A signed original of this written statement required by Section 906, or other document authenticating, acknowledging, or otherwise adopting the signature that appears in typed form within the electronic version of this written statement required by Section 906, has been provided to Acme United Corporation and will be retained by Acme United Corporation and furnished to the Securities and Exchange Commission or its staff upon request.


EX-32.2

Exhibit 32.2

CERTIFICATION PURSUANT TO

18 U.S.C. SECTION 1350,

AS ADOPTED PURSUANT TO

SECTION 906 OF THE SARBANES-OXLEY ACT OF 2002

The undersigned officer of Acme United Corporation (the “Company”) hereby certifies to my knowledge that the Company’s quarterly report on Form 10-Q for the quarterly period ended June 30, 2024 (the “Report”), as filed with the Securities and Exchange Commission on the date hereof, fully complies with the requirements of section 13(a) or 15(d), as applicable, of the Securities Exchange Act of 1934, as amended, and that the information contained in the Report fairly presents, in all material respects, the financial condition and results of operations of the Company.

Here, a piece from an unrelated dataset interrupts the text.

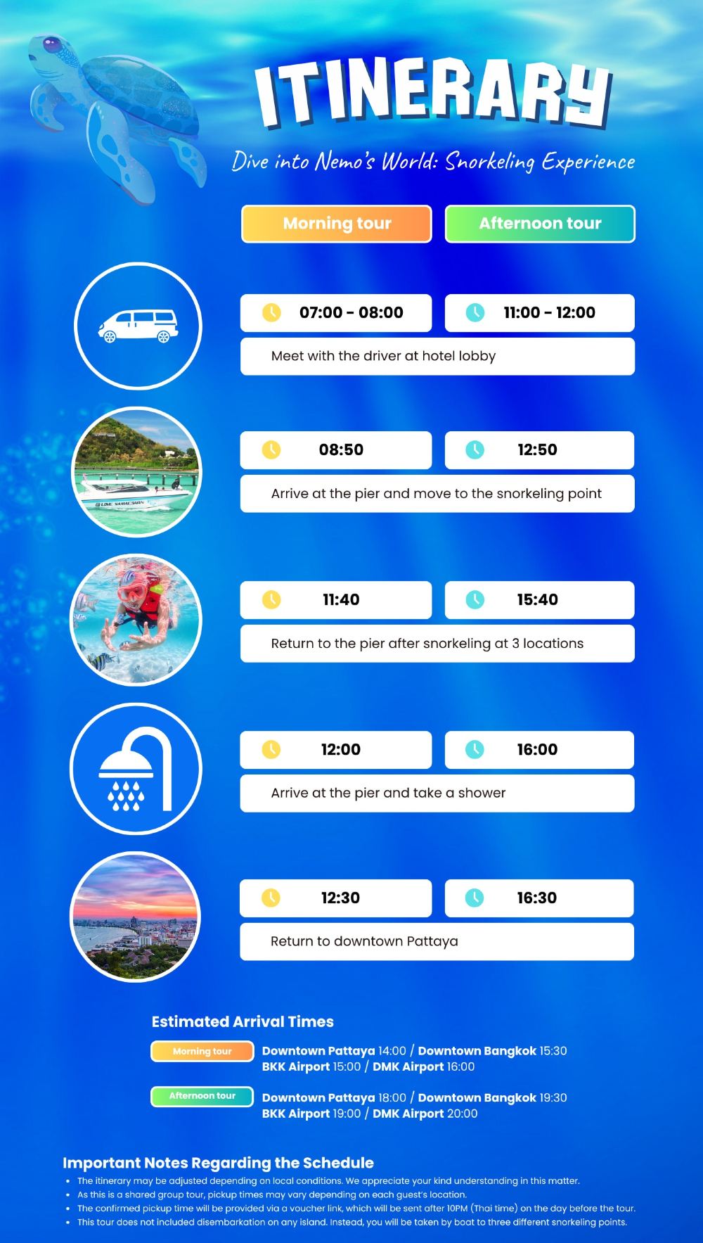 您的一天从酒店接载并转移到码头开始。享用完轻松的午餐后,您将前往周围好的浮潜点,在那里您可以与成群的鱼一起游泳,拍摄难忘的水下照片,或者只是漂浮并享受海洋氛围。无论您是第一次浮潜还是经验丰富的海洋爱好者,这次旅行都将带来乐趣、美丽和终生难忘的回忆。

This certification is provided solely pursuant to 18 U.S.C. Section 1350, as adopted pursuant to Section 906 of the Sarbanes-Oxley Act of 2002, and shall not be deemed to be a part of the Report or “filed” for any purpose whatsoever.

 

By

/s/ Paul G. Driscoll

 

 

Paul G. Driscoll

 

 

Vice President and

 

 

Chief Financial Officer

 

 

Dated: August 8, 2024

A signed original of this written statement required by Section 906, or other document authenticating, acknowledging, or otherwise adopting the signature that appears in typed form within the electronic version of this written statement required by Section 906, has been provided to Acme United Corporation and will be retained by Acme United Corporation and furnished to the Securities and Exchange Commission or its staff upon request.